- Born: 1963 (age 62–63)
- Citizenship: Serbian
- Education: University of Belgrade
- Occupation: Literary theorist
- Employer: University of Belgrade
- Known for: Co-founder of Center for Women's Studies in Belgrade Author of first book in Serbian on Virginia Woolf
- Awards: Anđelka Milić Award

= Biljana Dojčinović =

Serbian feminist academic

Biljana Dojčinović-Nešić (Биљана Дојчиновић; born 1963) is a Serbian feminist academic, who specialises in Serbian literature and Gender Studies, and who co-founded the Center for Women's Studies in Belgrade. She is Professor of Literature in the Faculty of Philology at the University of Belgrade. She is the first person to publish a book on Virginia Woolf in Serbian.

== Education ==
In 1986, Biljana Dojčinović graduated from the Department of General Literature and Literary Theory of the Faculty of Philology at the University of Belgrade. At the same faculty, in 1991, she defended her master's thesis 'The category of gender in American gynocriticism' (Категорија род у америчкој гинокритици), and then, in 2003, her doctoral dissertation, Narrative processes in John Updike's novels (Приповедни поступци у романима Џона Апдајка).

== Career ==
Dojčinović is Professor of Literature at the Department of General Literature and Literary Theory of the Faculty of Philology at the University of Belgrade. She is one of the founders of the Center for Women's Studies in Belgrade, as well as the Indoc Center of the Association for Women's Initiative. From 2002 to 2008, she was the editor-in-chief of the magazine for feminist theory, Genero.

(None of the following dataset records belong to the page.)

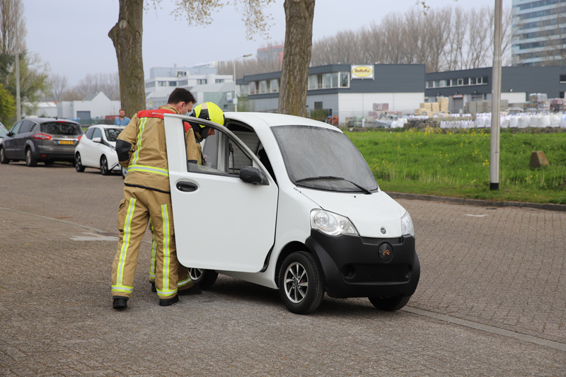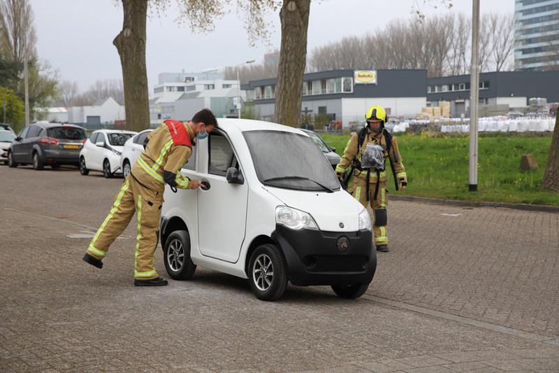 Even na half elf ontdekte een medewerker van de garage dat er rook uit de brommobiel kwam. Hij aarzelde geen seconde en pakte een brandblusser. Hierdoor kon hij het beginnende brandje snel blussen.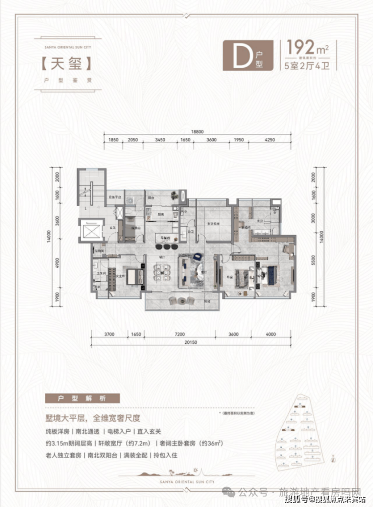 D户型:建面约192㎡,五室两厅四卫。墅境大平层,约3.15m朗阔层高;南北通透,大面积观景视野;约36m奢阔主卧套房,老人独立套房,起居便利。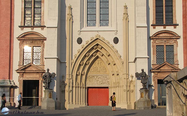 A gótikus kapu bal oldalán Nagy Lajos szobra őrködik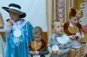 Какой же был восторг ребят, когда под хруст снега в зал вошли самые долгожданные гости вечера – Дед Мороз и Снегурочка. Вместе с ними хозяева детского учреждения в костюмах: зайчиков, медвежат, лисичек, мушкетеров, красавиц фей, а так же символа приходящего года – мартышек, отправились в путешествие на волшебном поезде, где на каждой станции их ожидали игры и развлечения.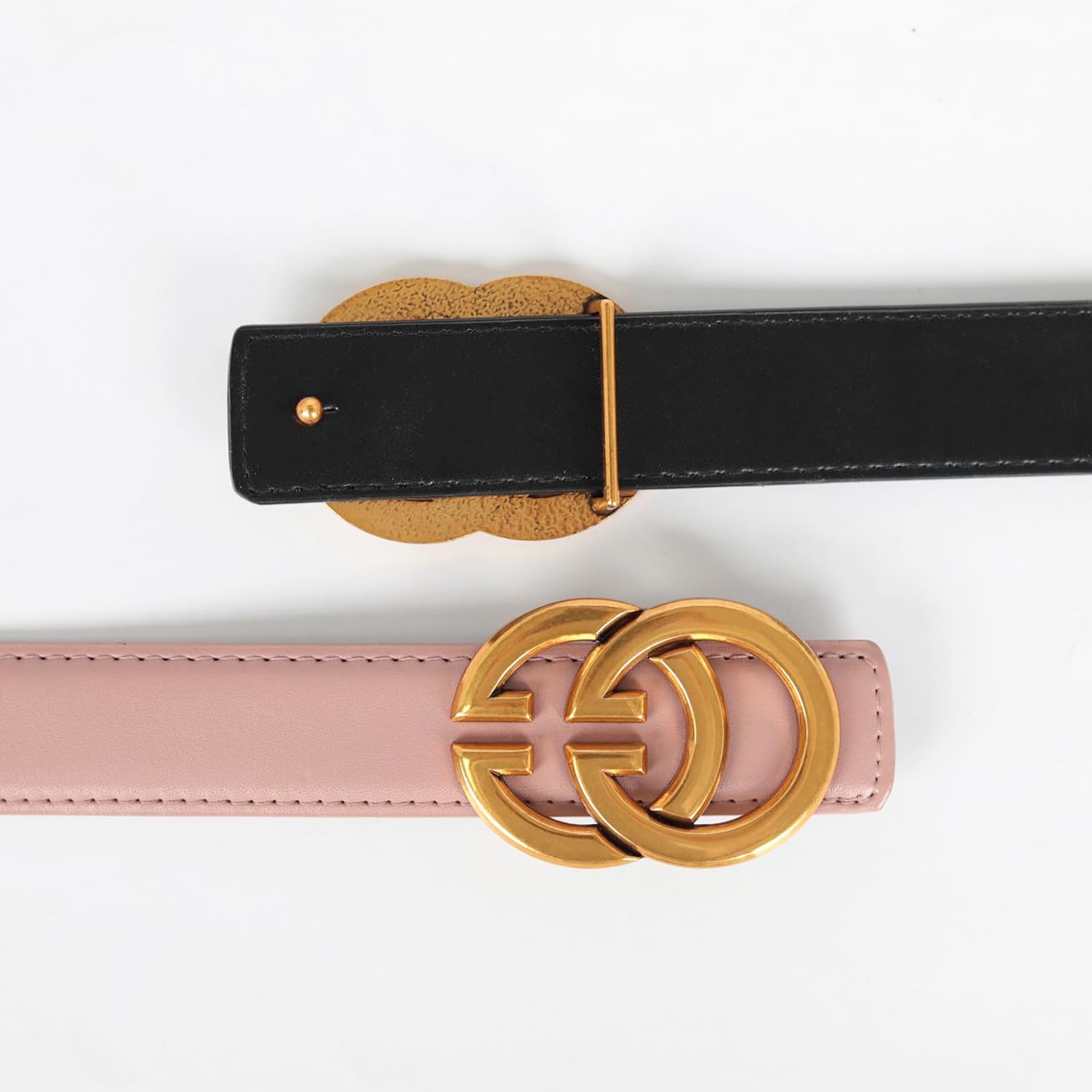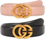 Azonee Leather Waist Belt, Women’s Chic Faux Leather Waist Belt, Women Leather Belts for Jeans Dresses Fashion Gold Buckle Ladies Waist Belt, 2 Pack

As a member of The John Updike Society (JUS), as well as a member of the editorial board of The John Updike Review since its inception, Dojčinović has been on the board of directors since 2015. She was a member of the board of the research project, Women Writers in History: Toward a New Understanding of European Literary Culture (2009−2013) from 2011. Since 2011, she has been the manager of the research project Literature - theory and history of women's literature in the Serbian language until 1915. She is the chief editor of Knjizenstva [sr], a magazine for literature, gender and culture studies.

== Research ==
Dojčinović was the first author to publish a book on Virginia Woolf in Serbian. She has also written criticism on other modernist writers, such as Henry James. She has also written on how women's studies in the region has shifted from a focus on women through a Communist lens, to a more theoretical and individual approach. In her work on Updike, she has argued that his short story collection The Afterlife and Other Stories is a pivotal work that demonstrates a change in his writing on feminism. She has written on the role of Milica Stojadinović-Srpkinja in the development of women's writing in Serbia, through a feminist framework.

== Recognition ==
In 2016, she received the Anđelka Milić [sr] Award for the book Pravo sunca - different modernisms (Academic book, Novi Sad, 2015).

== Selected works ==

- Dojcinovic, Biljana, and Nemanja Glintic. "John Updike in Serbia." Contemporary American Fiction in the European Classroom: Teaching and Texts (2022): 63.
- Dojčinović, Biljana. "The Politics of Vulnerability in The Afterlife and Other Stories." Updike and Politics: New Considerations (2019): 161.
- Dojčinović, Biljana. "Modernist Narrative Techniques and Challenges of Humanity: John Updike in European Perspective." From Humanism to Meta-, Post-and Transhumanism? (2016): 269-82.
- Daskalova, Krassimira, et al. "Clio on the margins: women's and gender history in Central, Eastern and Southeastern Europe (Part one)." Aspasia 6.1 (2012): 125-185.
- Dojčinović, Biljana. "Forging, Milking, Delivering: The Female and Maternal as Links Between A Portrait and Ulysses." Belgrade English Language and Literature Studies 3.1 (2011): 163-173.
- Dojčinović-Nešić, Biljana. "Translation as Border-Crossing: Virginia Woolf’s Case." TRANS-. Revue de littérature générale et comparée 9 (2010).
- Dojčinović, Biljana. "De-centered Pluralism of Methods: Feminist Literary Criticism in Serbia." Gender and Identity. Centar za ženske studije & Centar za studije roda i politike, Fakultet političkih nauka, Beograd 281-296.
- Dojčinović, Biljana. "Feministička čitanja i preispitivanje književnog kanona." Genero: časopis za feminističku teoriju i studije kulture 01 (2002): 36-42.
- Dojčinović, Biljana. "On Women and Literature at the Beginning of XX Century." Selected Papers. Belgrade women's studies journal: Anniversary issue 1992/2002. Centar za ženske studije & Centar za studije roda i politike, Fakultet političkih nauka, Beograd 83-88.
- Dojčinović, Biljana. "O ženama i književnosti na početku veka." Ženske studije: časopis za feminističku teoriju 11-12 (2000): 23-33.